Exercise description
Write out the listing, please, but only from its first line through the line containing "河南省書法家協(xié)會副", exactly as given and without pictures.

Material for this exercise
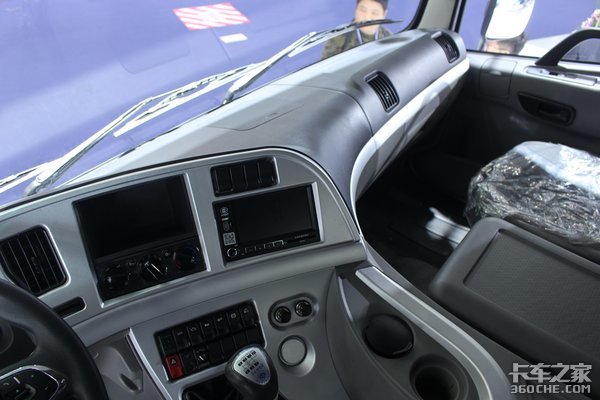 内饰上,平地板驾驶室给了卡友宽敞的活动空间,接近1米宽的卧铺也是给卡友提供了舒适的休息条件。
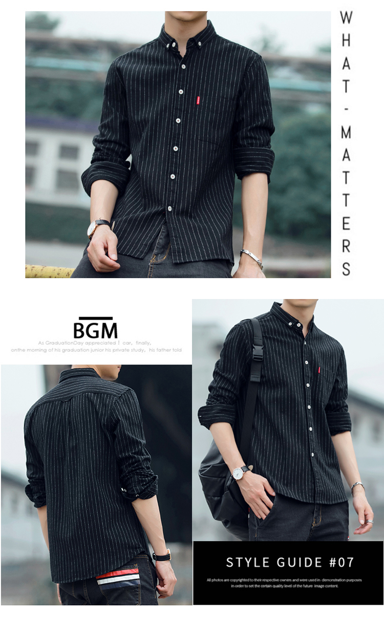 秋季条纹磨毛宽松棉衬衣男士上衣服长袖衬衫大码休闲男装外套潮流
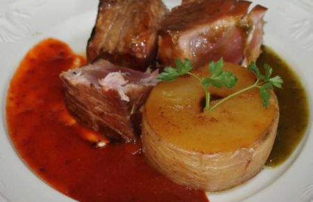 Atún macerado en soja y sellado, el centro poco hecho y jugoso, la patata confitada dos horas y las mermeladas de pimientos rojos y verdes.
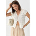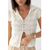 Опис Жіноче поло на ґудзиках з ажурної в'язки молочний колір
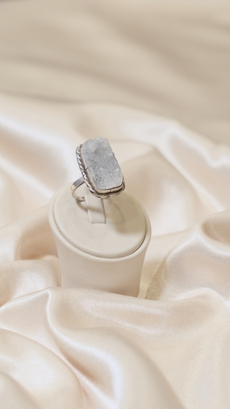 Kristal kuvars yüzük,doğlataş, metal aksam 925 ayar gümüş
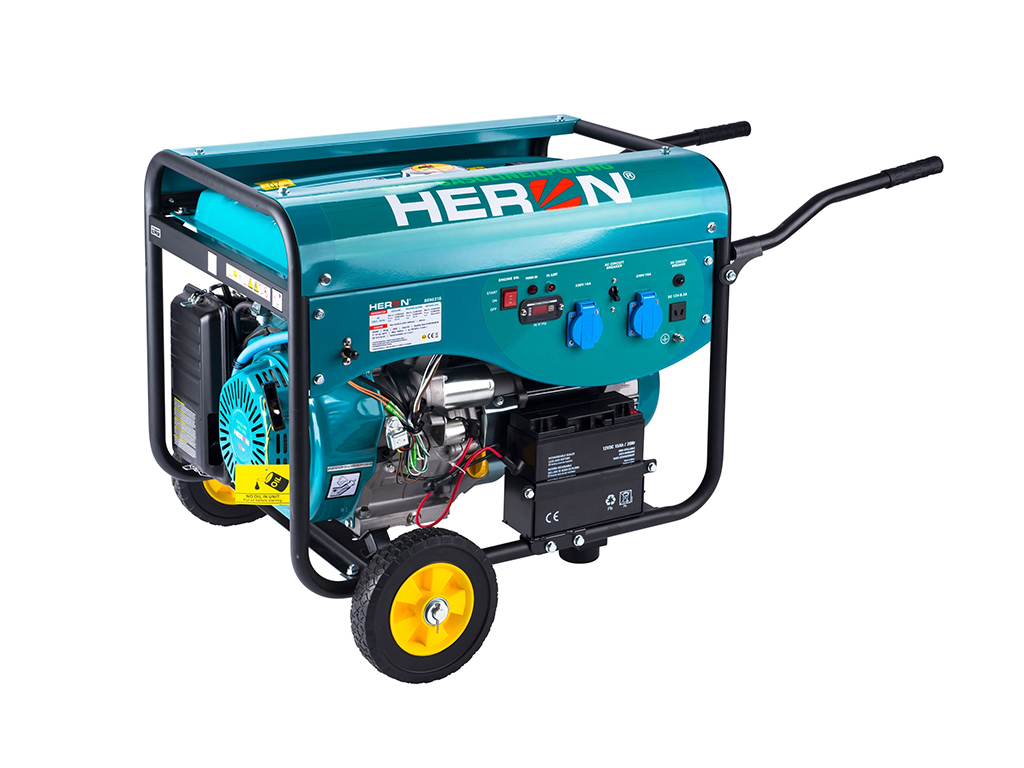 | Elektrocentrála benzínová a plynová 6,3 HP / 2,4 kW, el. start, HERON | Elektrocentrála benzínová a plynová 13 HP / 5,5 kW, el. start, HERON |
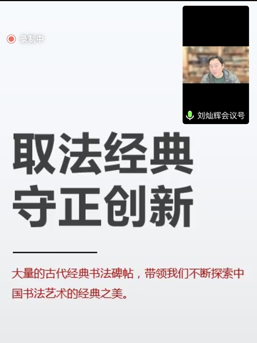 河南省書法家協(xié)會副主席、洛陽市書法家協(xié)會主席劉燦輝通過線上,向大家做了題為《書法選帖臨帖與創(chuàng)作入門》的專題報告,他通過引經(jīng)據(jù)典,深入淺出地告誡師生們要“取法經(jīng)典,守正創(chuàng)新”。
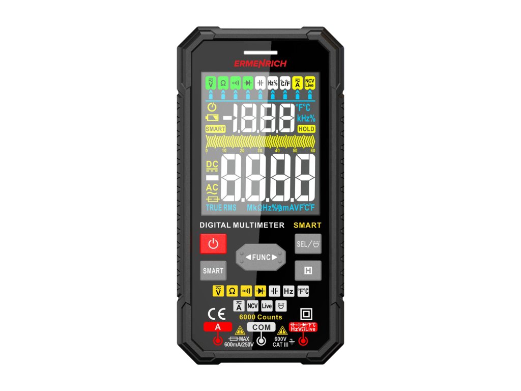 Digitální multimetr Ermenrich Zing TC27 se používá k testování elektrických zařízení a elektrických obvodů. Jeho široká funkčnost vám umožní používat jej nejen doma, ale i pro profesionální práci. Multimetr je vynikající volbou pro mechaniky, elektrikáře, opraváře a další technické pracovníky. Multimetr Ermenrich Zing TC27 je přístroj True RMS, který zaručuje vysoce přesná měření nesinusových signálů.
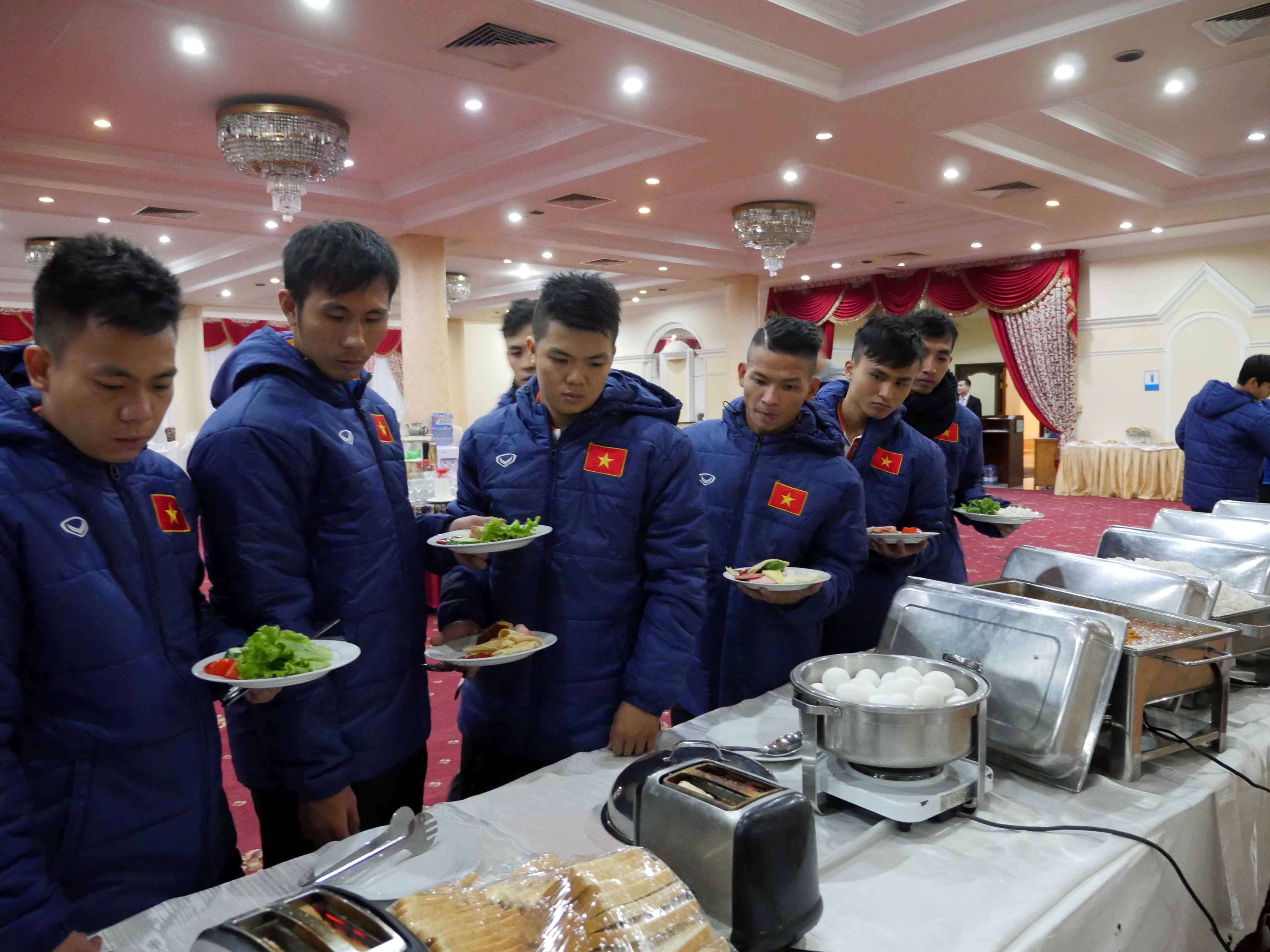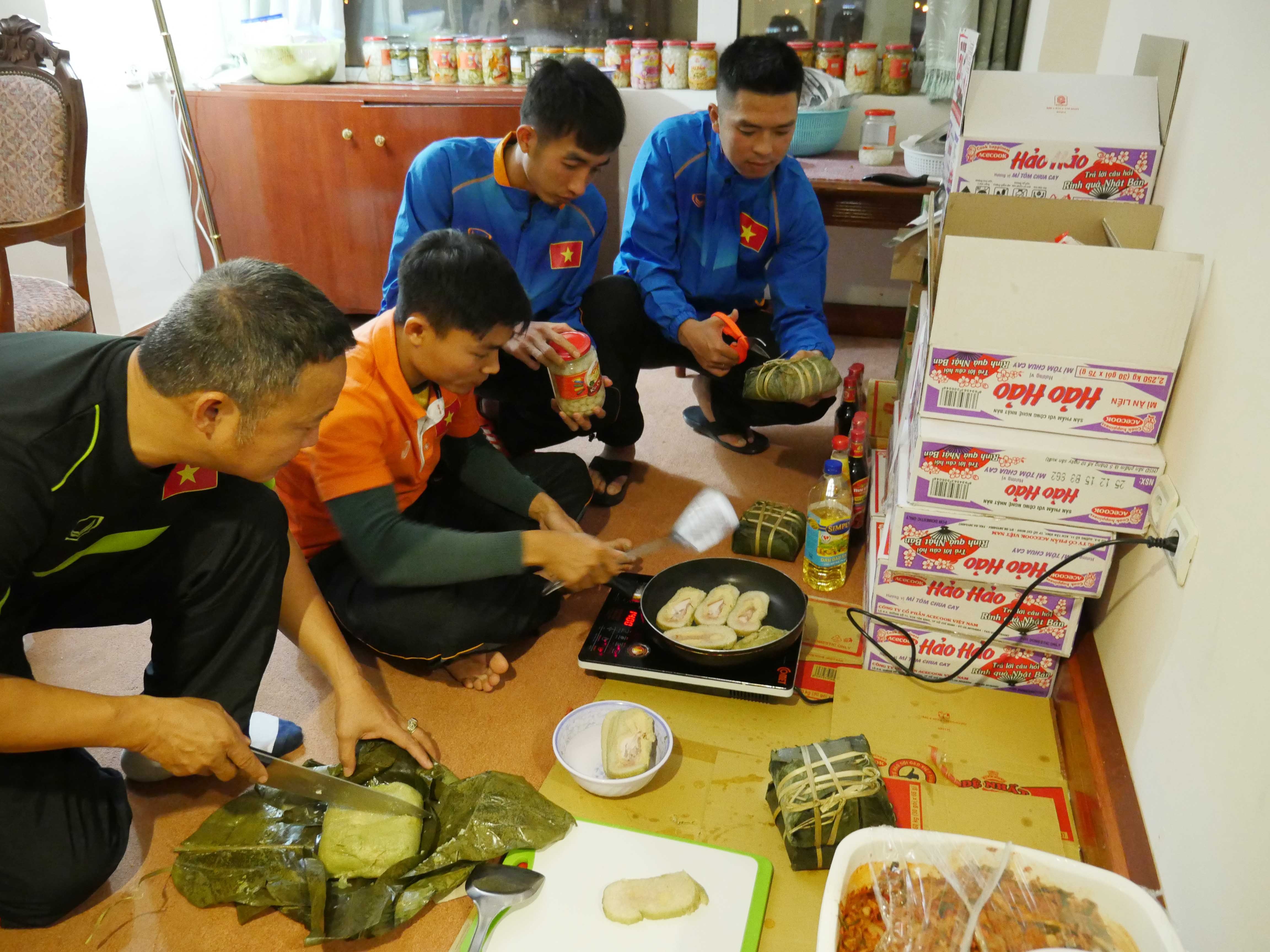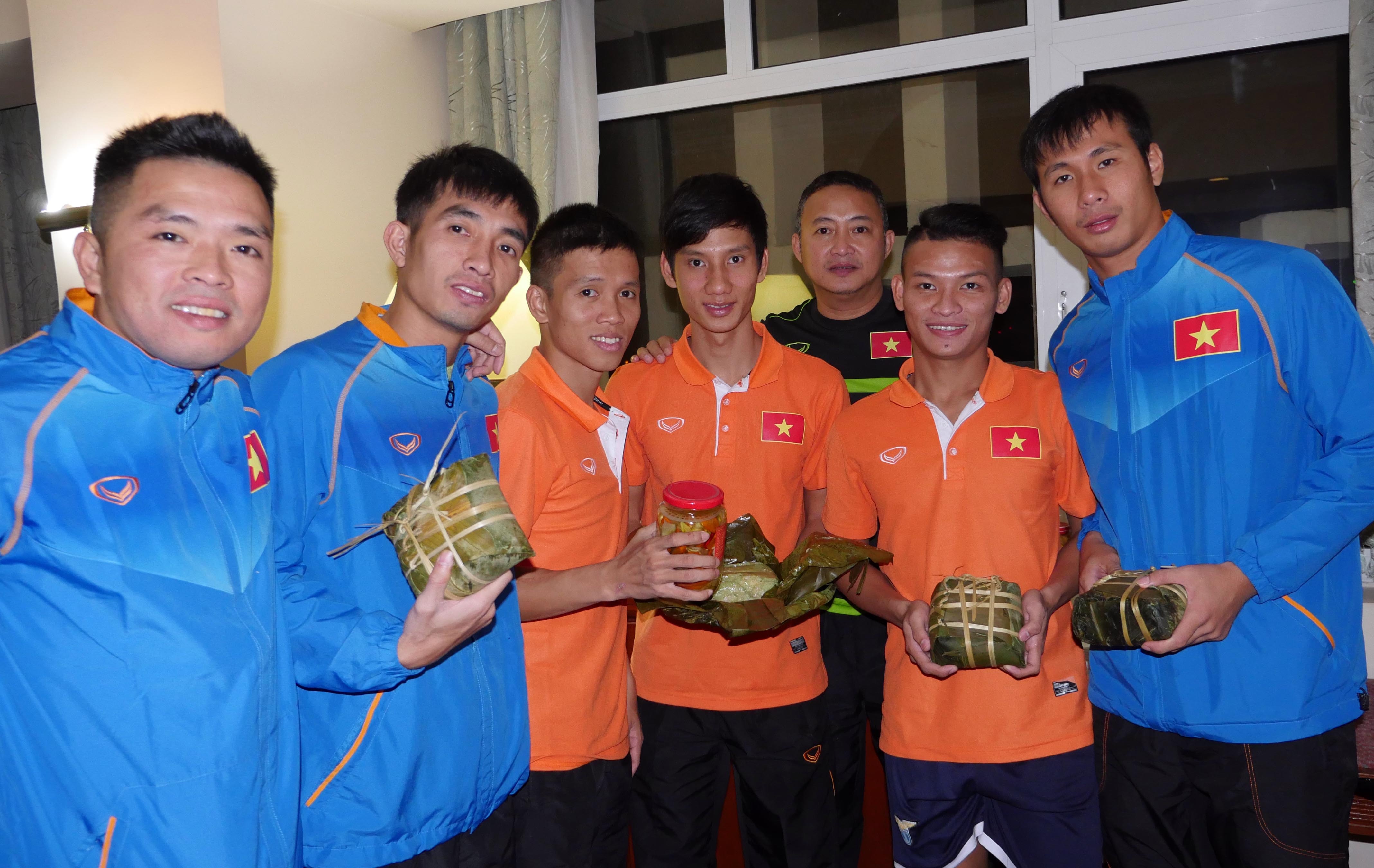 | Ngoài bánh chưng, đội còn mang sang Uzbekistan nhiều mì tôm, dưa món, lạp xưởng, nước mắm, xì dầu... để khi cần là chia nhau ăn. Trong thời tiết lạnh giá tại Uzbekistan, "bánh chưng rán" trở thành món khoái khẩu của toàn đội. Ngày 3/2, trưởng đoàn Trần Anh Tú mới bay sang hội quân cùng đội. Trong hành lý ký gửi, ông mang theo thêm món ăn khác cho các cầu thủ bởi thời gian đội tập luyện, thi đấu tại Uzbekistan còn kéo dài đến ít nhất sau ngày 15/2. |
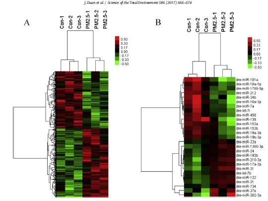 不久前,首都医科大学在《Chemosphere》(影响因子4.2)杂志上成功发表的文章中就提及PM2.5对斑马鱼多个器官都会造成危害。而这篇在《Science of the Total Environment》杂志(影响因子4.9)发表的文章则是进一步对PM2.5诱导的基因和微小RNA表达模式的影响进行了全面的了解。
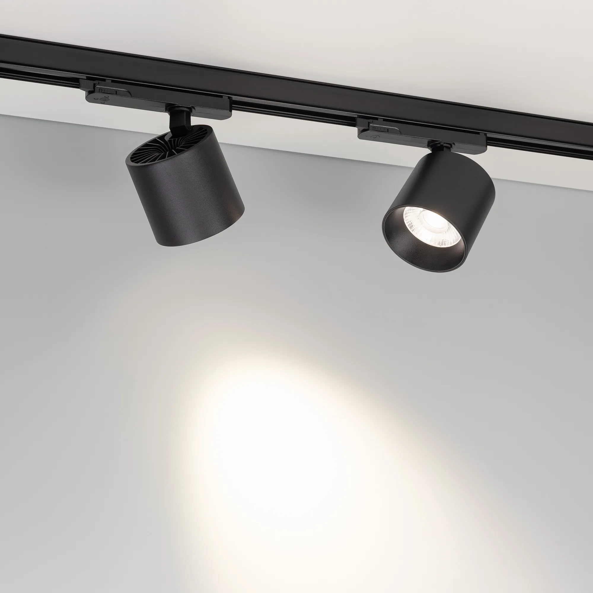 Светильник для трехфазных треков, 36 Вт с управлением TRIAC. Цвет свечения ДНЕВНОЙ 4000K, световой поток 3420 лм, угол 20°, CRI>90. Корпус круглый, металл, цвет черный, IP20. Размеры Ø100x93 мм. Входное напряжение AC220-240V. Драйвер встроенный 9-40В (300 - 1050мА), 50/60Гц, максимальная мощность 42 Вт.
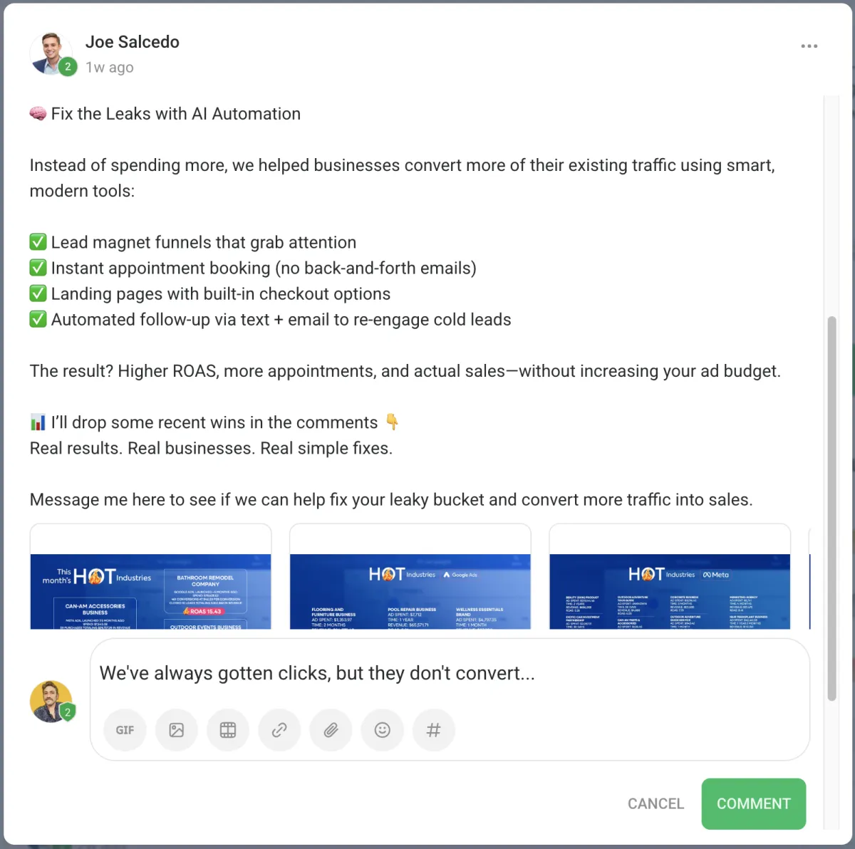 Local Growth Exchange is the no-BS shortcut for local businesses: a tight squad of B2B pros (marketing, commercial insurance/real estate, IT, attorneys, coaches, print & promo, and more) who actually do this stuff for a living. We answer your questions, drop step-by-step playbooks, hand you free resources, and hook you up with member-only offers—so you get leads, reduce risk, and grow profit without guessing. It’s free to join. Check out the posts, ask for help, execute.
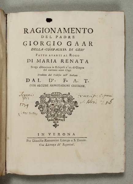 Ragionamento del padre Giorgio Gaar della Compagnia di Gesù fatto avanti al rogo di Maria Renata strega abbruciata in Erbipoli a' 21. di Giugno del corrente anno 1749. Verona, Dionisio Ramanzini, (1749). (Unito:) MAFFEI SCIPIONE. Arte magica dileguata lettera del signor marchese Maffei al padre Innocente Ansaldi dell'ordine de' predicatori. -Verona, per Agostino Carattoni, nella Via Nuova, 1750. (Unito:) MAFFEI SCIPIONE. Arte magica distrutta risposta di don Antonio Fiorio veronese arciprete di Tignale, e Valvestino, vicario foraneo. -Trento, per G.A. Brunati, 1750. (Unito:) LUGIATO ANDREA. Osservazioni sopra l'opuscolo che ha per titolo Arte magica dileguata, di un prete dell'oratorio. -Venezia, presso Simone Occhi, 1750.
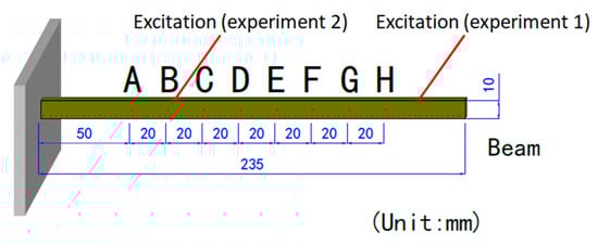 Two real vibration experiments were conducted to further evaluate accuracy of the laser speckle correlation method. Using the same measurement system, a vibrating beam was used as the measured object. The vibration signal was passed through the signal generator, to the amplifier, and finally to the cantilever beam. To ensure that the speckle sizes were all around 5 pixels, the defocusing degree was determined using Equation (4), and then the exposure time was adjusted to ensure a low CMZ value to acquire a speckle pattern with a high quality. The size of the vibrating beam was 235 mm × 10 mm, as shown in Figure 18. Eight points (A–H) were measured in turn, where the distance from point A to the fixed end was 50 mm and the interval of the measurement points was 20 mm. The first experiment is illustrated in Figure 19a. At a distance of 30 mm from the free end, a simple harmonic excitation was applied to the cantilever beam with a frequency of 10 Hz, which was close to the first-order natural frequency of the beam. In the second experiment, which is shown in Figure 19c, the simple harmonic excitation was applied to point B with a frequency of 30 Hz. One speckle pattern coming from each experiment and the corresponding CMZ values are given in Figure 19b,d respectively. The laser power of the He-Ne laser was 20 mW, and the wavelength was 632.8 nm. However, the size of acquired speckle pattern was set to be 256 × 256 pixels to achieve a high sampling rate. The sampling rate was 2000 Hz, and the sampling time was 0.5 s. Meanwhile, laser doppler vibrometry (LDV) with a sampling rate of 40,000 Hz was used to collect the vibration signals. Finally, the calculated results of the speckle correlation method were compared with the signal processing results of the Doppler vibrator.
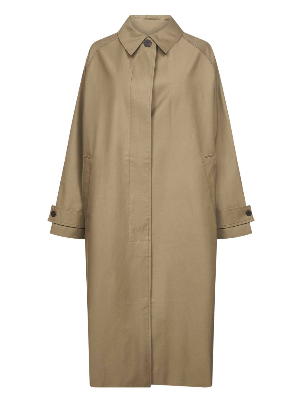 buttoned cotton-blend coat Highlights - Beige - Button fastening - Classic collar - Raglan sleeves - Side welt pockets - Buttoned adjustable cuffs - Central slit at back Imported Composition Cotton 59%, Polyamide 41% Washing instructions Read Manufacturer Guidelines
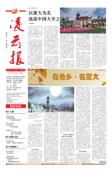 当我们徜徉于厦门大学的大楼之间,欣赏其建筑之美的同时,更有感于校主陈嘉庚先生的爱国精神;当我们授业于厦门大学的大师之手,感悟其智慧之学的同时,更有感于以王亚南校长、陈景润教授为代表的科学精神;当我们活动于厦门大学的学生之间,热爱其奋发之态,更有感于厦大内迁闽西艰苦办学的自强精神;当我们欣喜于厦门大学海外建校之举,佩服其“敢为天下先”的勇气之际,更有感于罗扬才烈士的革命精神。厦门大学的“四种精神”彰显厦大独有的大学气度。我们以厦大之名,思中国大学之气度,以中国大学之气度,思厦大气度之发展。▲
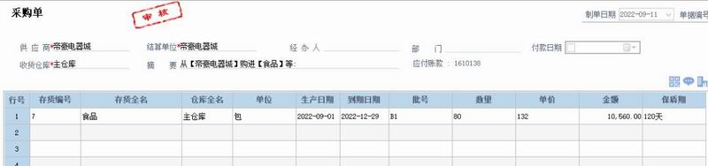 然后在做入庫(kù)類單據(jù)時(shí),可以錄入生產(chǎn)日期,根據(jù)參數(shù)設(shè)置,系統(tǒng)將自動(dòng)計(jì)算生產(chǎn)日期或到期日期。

Exercise response
 内饰上,平地板驾驶室给了卡友宽敞的活动空间,接近1米宽的卧铺也是给卡友提供了舒适的休息条件。
 秋季条纹磨毛宽松棉衬衣男士上衣服长袖衬衫大码休闲男装外套潮流
 Atún macerado en soja y sellado, el centro poco hecho y jugoso, la patata confitada dos horas y las mermeladas de pimientos rojos y verdes.
 Опис Жіноче поло на ґудзиках з ажурної в'язки молочний колір
 Kristal kuvars yüzük,doğlataş, metal aksam 925 ayar gümüş
 | Elektrocentrála benzínová a plynová 6,3 HP / 2,4 kW, el. start, HERON | Elektrocentrála benzínová a plynová 13 HP / 5,5 kW, el. start, HERON |
 河南省書法家協(xié)會副主席、洛陽市書法家協(xié)會主席劉燦輝通過線上,向大家做了題為《書法選帖臨帖與創(chuàng)作入門》的專題報告,他通過引經(jīng)據(jù)典,深入淺出地告誡師生們要“取法經(jīng)典,守正創(chuàng)新”。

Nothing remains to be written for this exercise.